Closed Randy-Ram closed 5 years ago
Hey @HyperManTT. If I remember correctly, the items
matrix stores items discrimination, difficulty, guessing and upper asymptote (parameters a, b, c and d of the 4PL IRT model) in columns 0, 1, 2 and 3, respectively.
Column 4 is used to store items exposure rates. It should be created by catsim
at some point at the start of a simulation, with all values equal to 0. In this case it seems this column is not being created.
The line you mentioned in the PR and issue #14 is trying to filter out items with high exposure rates. For example, in order to avoid too many examinees from viewing the same item, one can limit the percentage of tests an item appears by setting the r_max
parameter.
In any case... If I remember correctly, column with index 3 should contains the items' upper asymptote parameter and column 4 (which is absent) would be the right one to mention in that line. We just have to find out where column 4 is...
I could be wrong, however, and index 3 is actually what we need, but I'll have to get back to you. I am a little busy right now, unfortunately.
No problem @douglasrizzo , I checked around and even printed out the results from generate_item_bank
and only saw up to column 3. Check it out if you get time, I'll play around with it in the meantime.
I have started implementing a possible fix. It will be up in the next few days.
Oh great, thanks Douglas.
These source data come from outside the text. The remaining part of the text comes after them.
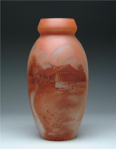 LEGRAS ENAMELED VASE. Monumental Legras vase has an enameled scene of cabin in a meadow next to woods with smoke extending from chimney, all done in shades of orange. Signed on the side "Legras". SIZE: 14-3/4 in. t. CONDITION: Very good to excellent. 5-61095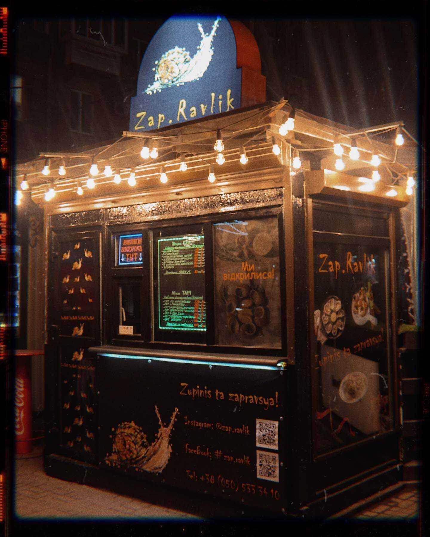 A food court from a local brand specializing in snail production. Here, you can try various escargot variations (Ukrainian style, with croutons, with Dor Blue cheese), and other dishes made with snails. The menu also includes a burger with a snail patty.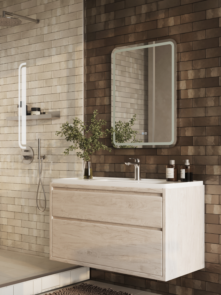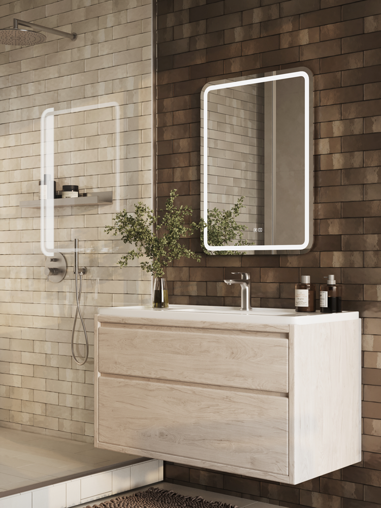 - Зеркала и зеркальные шкафы: модели со встроенным LED-освещением, которые украшают пространство и делают косметические процедуры более комфортными.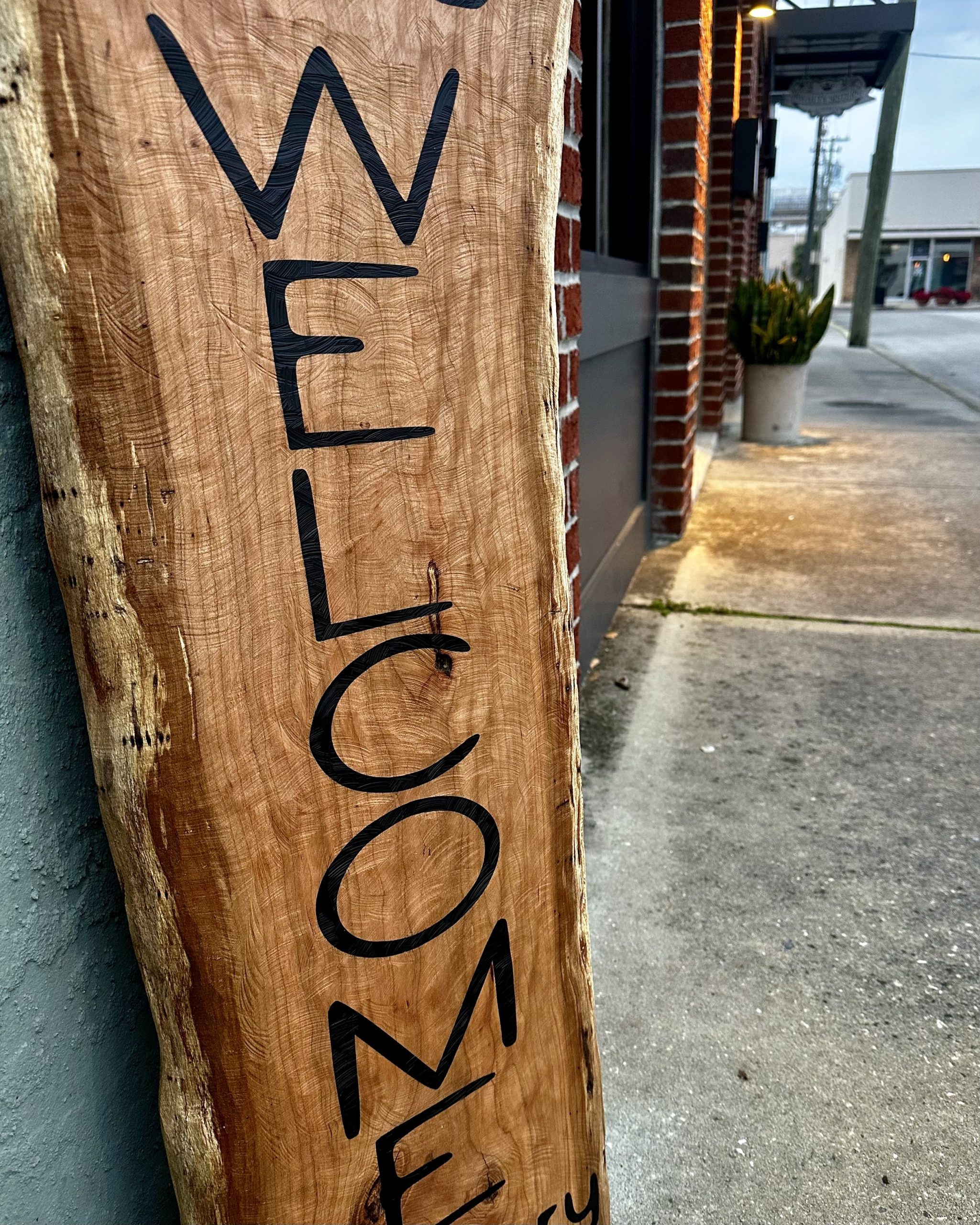 By Admin12 / June 27, 2025 Welcome, home. Power carved welcome sign with address. Made of a reclaimed Cherry Slab inlaid with black acrylic.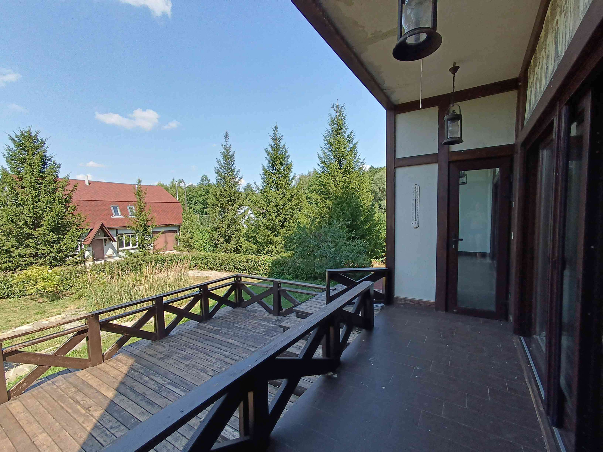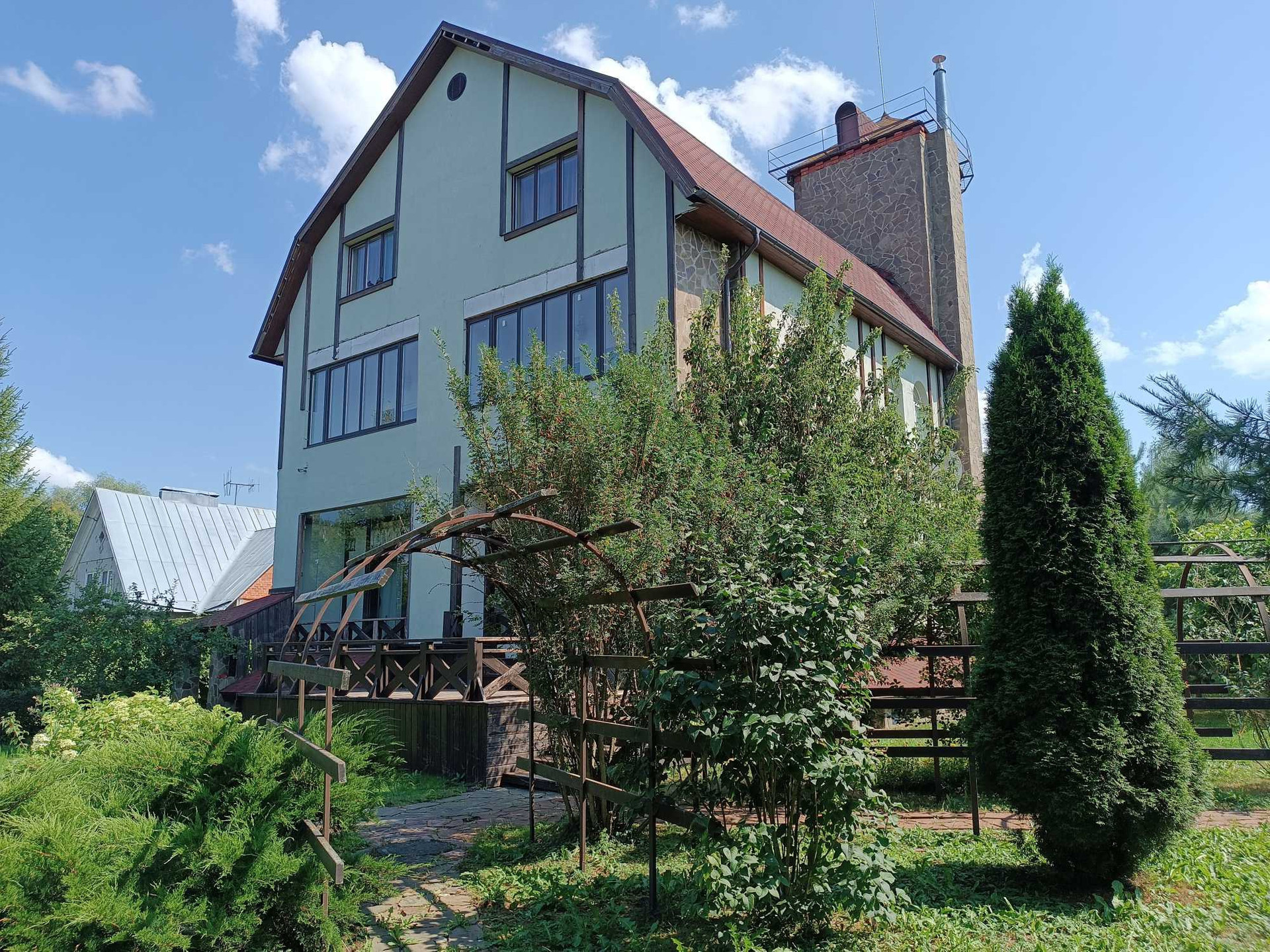- на втором: гостиная с санузлом, спальня с санузлом и выходом на лоджию, вторая спальня с выходом на лоджию, зимний сад, терраса.

You'd know better than me but I had identified the MaxInfoSelector and the ClusterSelector as needing the 4th column and inserted it, the same way the simulator does it.
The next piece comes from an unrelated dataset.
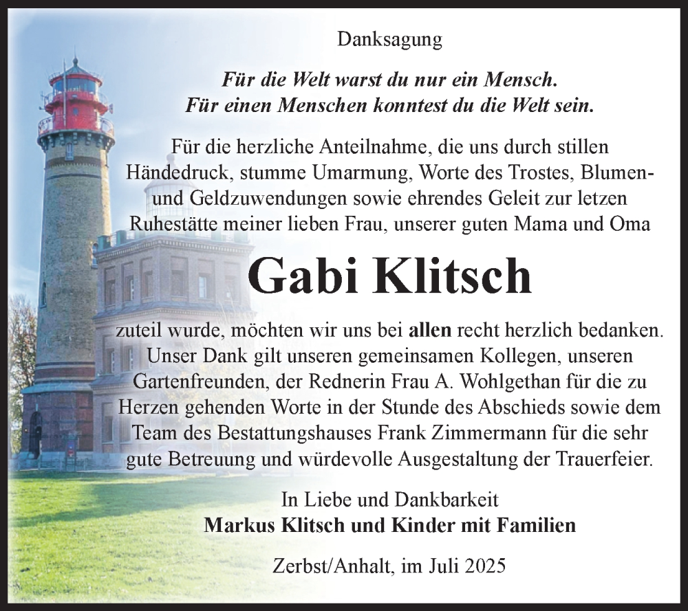 Hier finden Sie alle Traueranzeigen aus der Zeitung, die bisher für Gabi Klitsch erschienen sind. Weitere Traueranzeigen, die in der Zeitung erscheinen, werden hier ebenfalls aufgelistet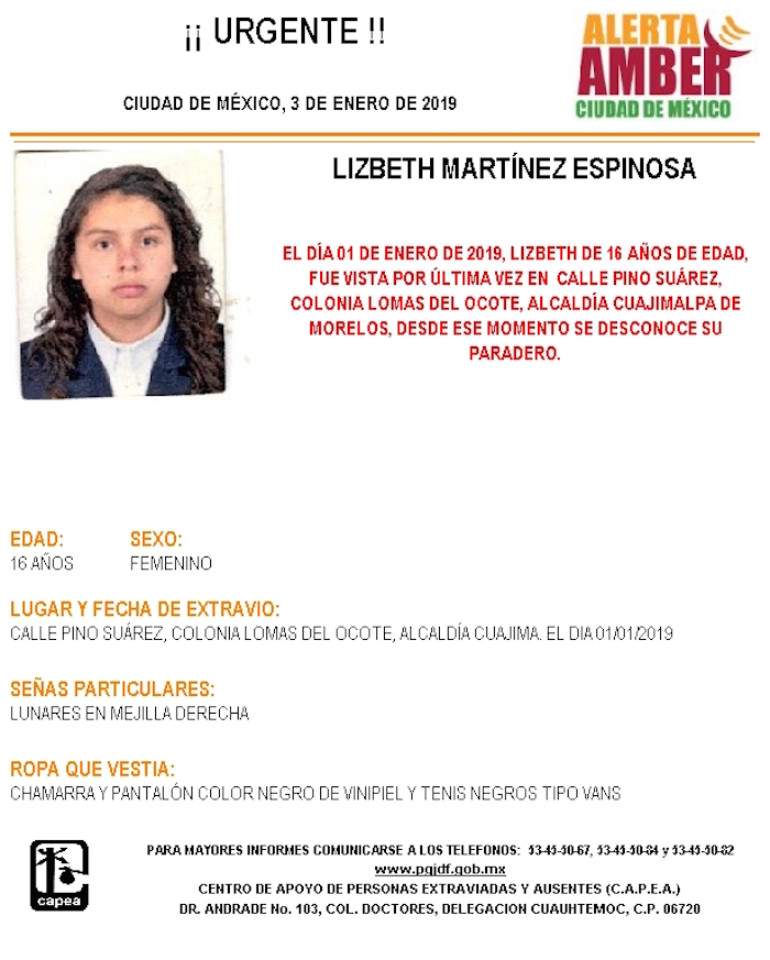 Lizbeth Martínez Espinosa, de 16 años de edad, fue vista por última vez el el 1 de enero, en la calle Pino Suárez, colonia Lomas del Ocote, alcaldía Cuajimalpa de Morelos.

Yes, if you pass a fifth column with values between 0 and 1, representing the items exposure rates, the two selectors should behave as expected.
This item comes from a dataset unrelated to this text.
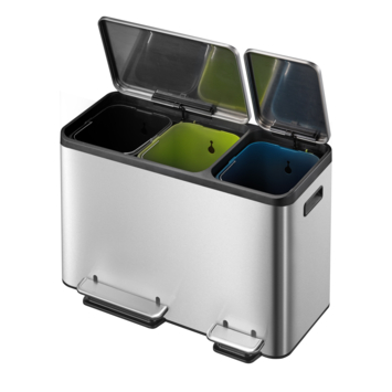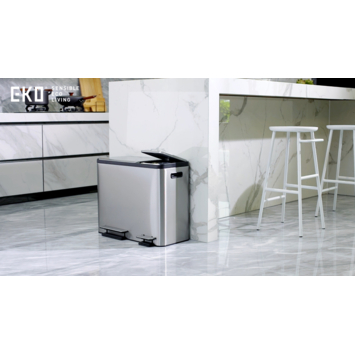 De EKO EcoCasa Pedaalemmer 15+15+15L is een rechthoekige pedaalemmer van geborsteld RVS met fingerprint proof coating en handige kunststof handgrepen. Voorzien van gedempt sluitende deksels. De twee pedalen geven afzonderlijk toegang tot de kunststof binnenemmers (2x 15 + 1x 15 liter) voor het scheiden van afval. De stay-open functie vergrendelt het deksel, voor het makkelijk schoonmaken van de afvalbak of wisselen van de afvalzak.
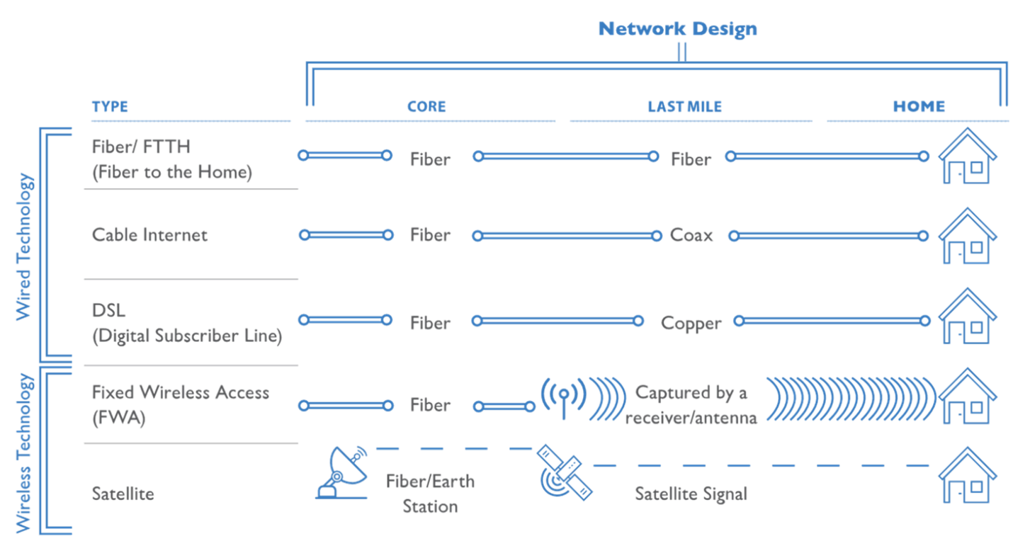 Even though several technologies exist, fiber is by far the most prominent moving forward. Copper lines (DSL) were created early in the industry and only provided phone lines and limited internet access speed. These technologies are now becoming obsolete.

I've made the two selectors issue a warning, stating that the necessary column is missing. They treat the absent column as if items were never used before (exposure rates = 0). If the column is present, they'll take the exposure rates in consideration.
Hey Douglas,
I went back and checked on this today and noticed this piece of the code was throwing an error in Issue #14
[index for index in valid_indexes if items[index, 4] < self._r_max]
The code is referencing index 4 in a 4 column item_bank ndarray. When I changed the above to the below, it works as intended.
[index for index in valid_indexes if items[index, 3] < self._r_max]
Note, I just looked at the MaxInfoSelector class alone, I'm assuming this '4' index is used elsewhere in the file as well.